Петр Сойфер – Что остается (страница 6)
Потом она вернулась к ноутбуку и открыла новый документ.
Назвала его просто: «Диссертация. Окончательная версия». Не «Глава 5», не «Черновик», не «К вопросу о» — просто то, чем это было: её работа, её название, её решение двигаться вперёд.
Она скопировала туда написанное за утро, потом открыла первую главу и начала читать её сначала — не редактировать пока, просто читать, как читают текст незнакомого автора, пытаясь понять, кто этот человек и что он хочет сказать. Человек оказался интересным. Немного скованным в первых разделах — там, где были заметны его правки, его голос, накладывающийся на её, — но дальше текст открывался, становился свободнее, и в этой свободе была та самая многоуровневость, о которой он писал в блокноте и которую она сама в себе не видела.
Теперь видела.
Она читала и делала пометки — не его манерой, ногтем, а карандашом, своим, на полях распечатки, и пометки были вопросами к себе, не ответами. Где это можно развернуть? Где я остановилась раньше, чем следовало? Где я свернула не туда, потому что так было принято, а не потому что так было верно?
За окном солнце начало смещаться к западу, и тени в кабинете стали длиннее — те короткие, острые тени позднего калифорнийского дня, которые появляются часа за три до заката и делают всё вокруг немного скульптурным, объёмным, чётко очерченным. Вирджиния работала в этом свете, не включая лампу, пока читать не стало трудно, и только тогда потянулась к выключателю.

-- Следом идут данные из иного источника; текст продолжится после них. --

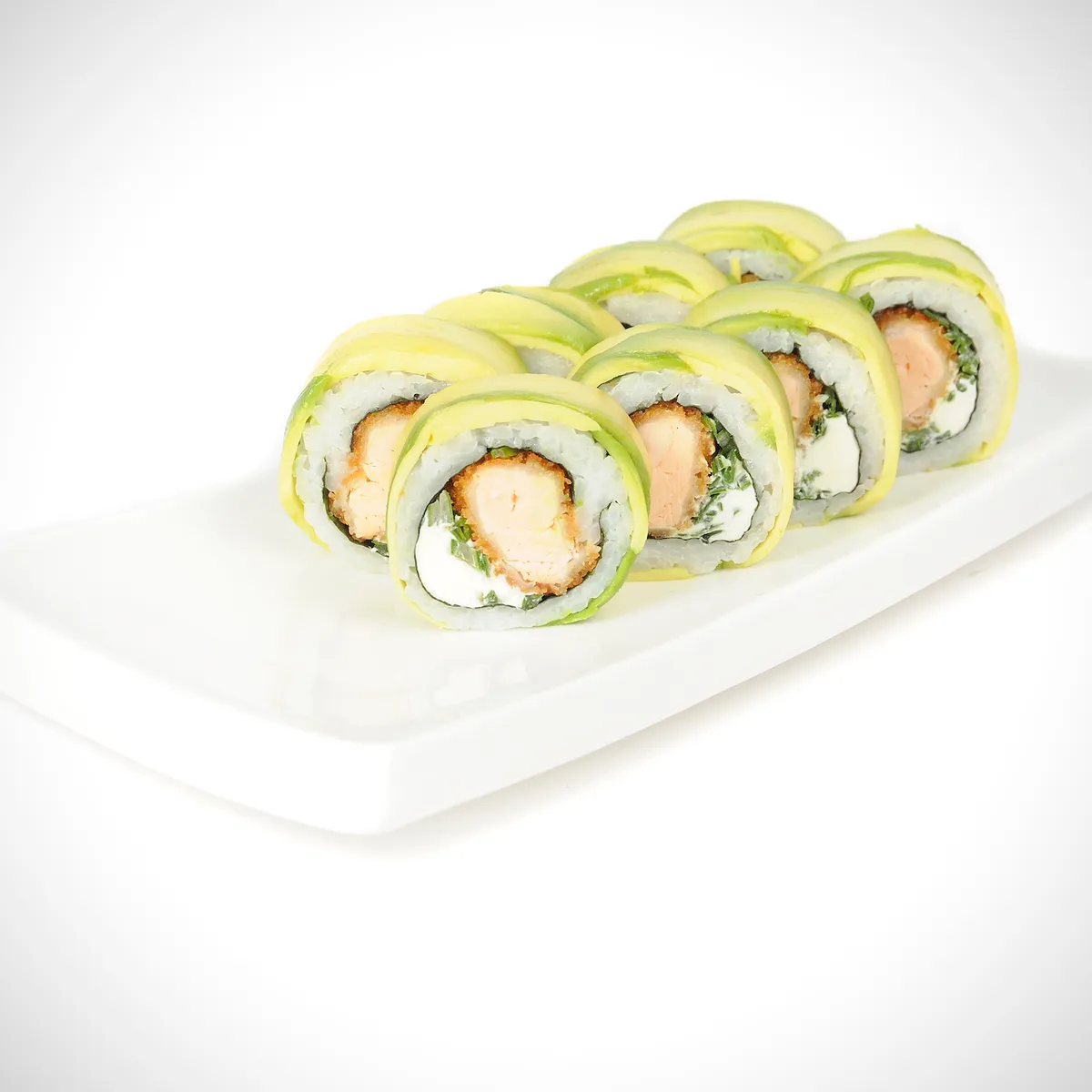10 piezas de Camarón, salmón, queso crema, cebollín envuelto en panko
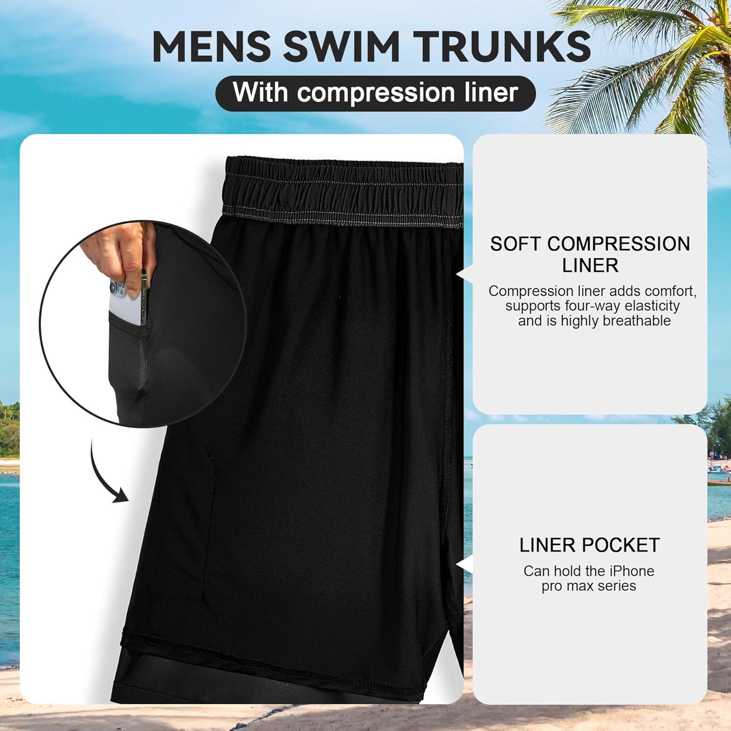 Not Easy to Wear:Wearing swim trunks with compression liner can make you very comfortable, the shorts with compression breif will not wear out and can be worn all day without discomfort
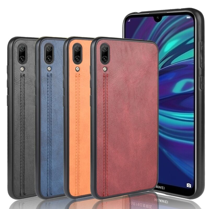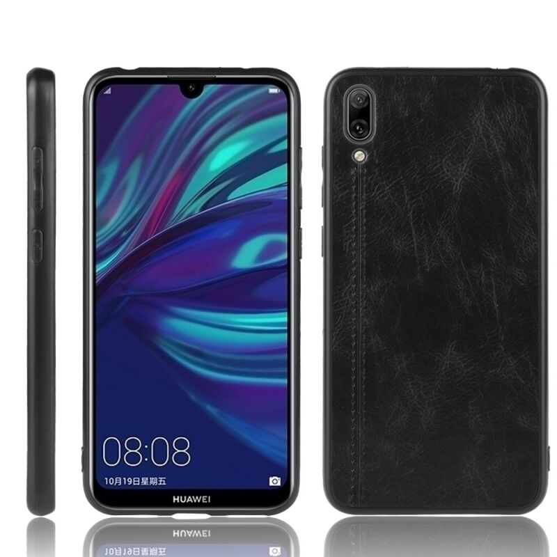 Για το Huawei Enjoy 9 / Y7 Pro 2019 Shockproof Sewing Cow Pattern Skin PC + PU + TPU Case (Μαύρο)
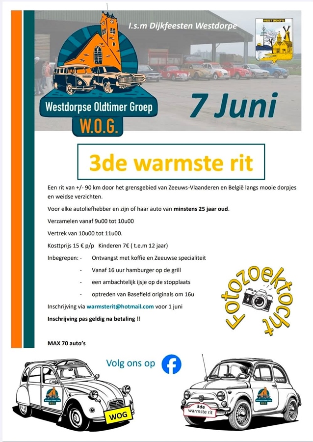 De westdorpse oldtimer groep organiseert voor de 3de een rondrit met fotozoektocht door het grensgebied en zeeuwsvlaanderen over mooie dorpjes en weidse vergezichten. Met achteraf een hapje, drankje en optreden.
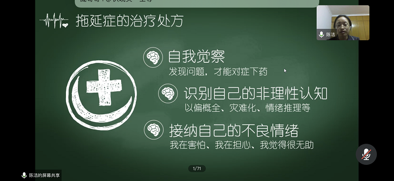 第二讲《拖延症自救指南》主讲教师是上海城建职业学院心理健康教育与咨询中心主任陈洁。拖延症是个让人讨厌又摆脱不掉的家伙,如何成功战“拖”是无数人关注的话题。陈老师指出,战“拖”需要科学方法,一是认清症状,二是清楚成因,三是对症下药开好处方。保持自我觉察,接纳不良情绪,制定可实现的目标,及时奖励自己。

Пальцы нашли его автоматически — она всегда делала это не глядя, рука сама знала, где выключатель. Маленькое телесное знание, встроенное в этот дом, в эту комнату, в три года жизни здесь. Такие знания остаются дольше всего — дольше слов, дольше воспоминаний о лице и голосе, дольше запаха твида, который уже слабеет в шкафу. Она зажгла лампу и вернулась к тексту.
Около шести она остановилась.
Не потому что устала и не потому что хотела есть — хотя и то, и другое было правдой, — а потому что почувствовала, что на сегодня достаточно. Не в смысле «больше не могу», а в том смысле, в котором говорят «достаточно» о хорошей еде или о хорошем разговоре: есть ещё место, но останавливаешься, пока всё ещё хорошо. Она закрыла ноутбук и положила руки на стол.
Кабинет был тем же и не тем же.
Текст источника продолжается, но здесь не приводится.